# EXERCISE:
When a picture appears in the listing, leave it out and copy the rest exactly as it stands.

# RECORDED DATA:

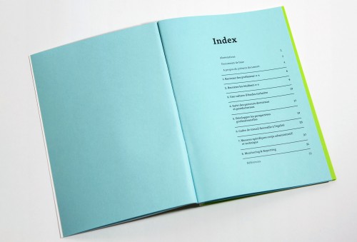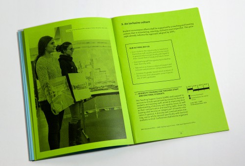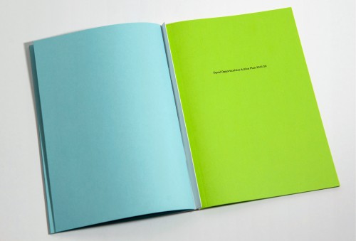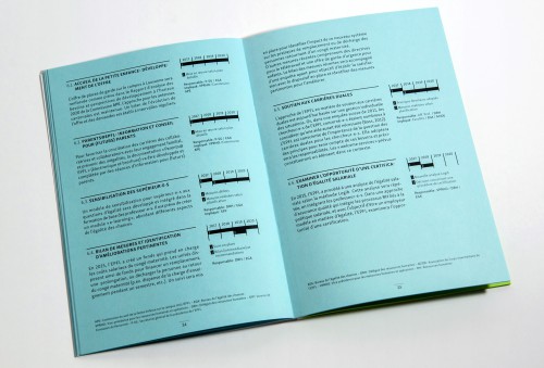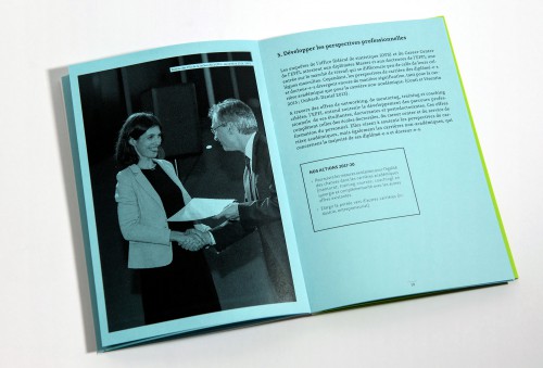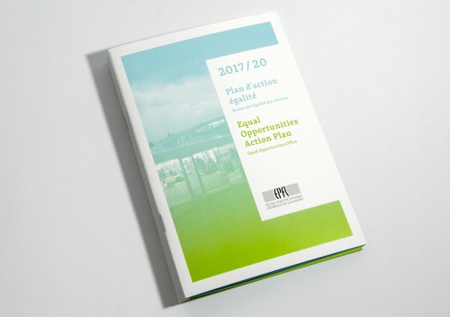 karakter élabore la mise en page de la brochure « plan d’action égalité 2017/20 » pour le bureau de l’égalité des chances de l’EPFL. Les deux langues de la brochure sont marquées par les différentes couleurs du papier.
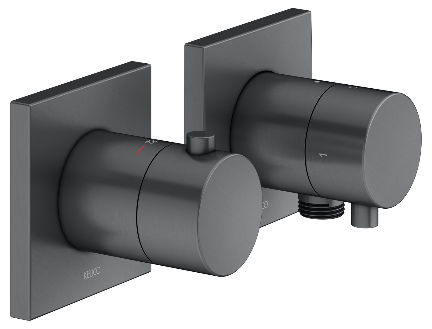 KEUCO Fertigmontageset Edition 11 Unterputz-Thermostatarmatur, mit Schlauchanschluss, für 2 Verbraucher, schwarzchrom gebürstet
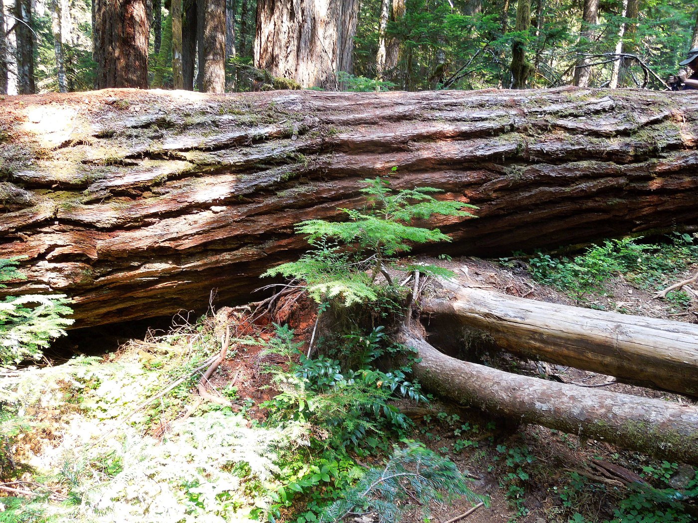 Along the way, we marveled at old growth (OG), giant blowdowns, moss, seedlings, and groundcover. The flora consists of Douglas fir, western hemlock, red cedar, red huckleberry, deer fern, sword fern, and Cascade Oregon-grape. The trail, where we were on it, is in relatively good condition.
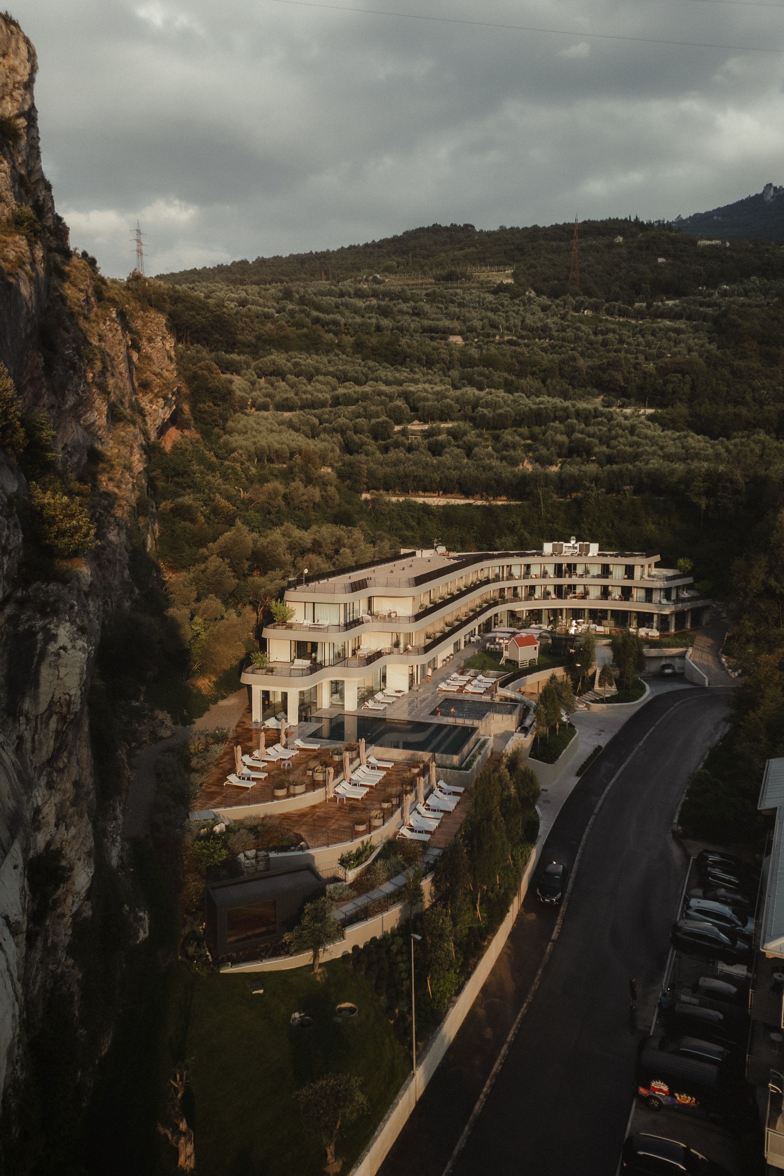 Das Hotel ist in den Berghang oberhalb von Torbole gebaut – mit freiem Blick über den Gardasee bis hin zu den steilen Felswänden dahinter.

# OUTPUT OF THE TASK:
 karakter élabore la mise en page de la brochure « plan d’action égalité 2017/20 » pour le bureau de l’égalité des chances de l’EPFL. Les deux langues de la brochure sont marquées par les différentes couleurs du papier.
 KEUCO Fertigmontageset Edition 11 Unterputz-Thermostatarmatur, mit Schlauchanschluss, für 2 Verbraucher, schwarzchrom gebürstet
 Along the way, we marveled at old growth (OG), giant blowdowns, moss, seedlings, and groundcover. The flora consists of Douglas fir, western hemlock, red cedar, red huckleberry, deer fern, sword fern, and Cascade Oregon-grape. The trail, where we were on it, is in relatively good condition.
 Das Hotel ist in den Berghang oberhalb von Torbole gebaut – mit freiem Blick über den Gardasee bis hin zu den steilen Felswänden dahinter.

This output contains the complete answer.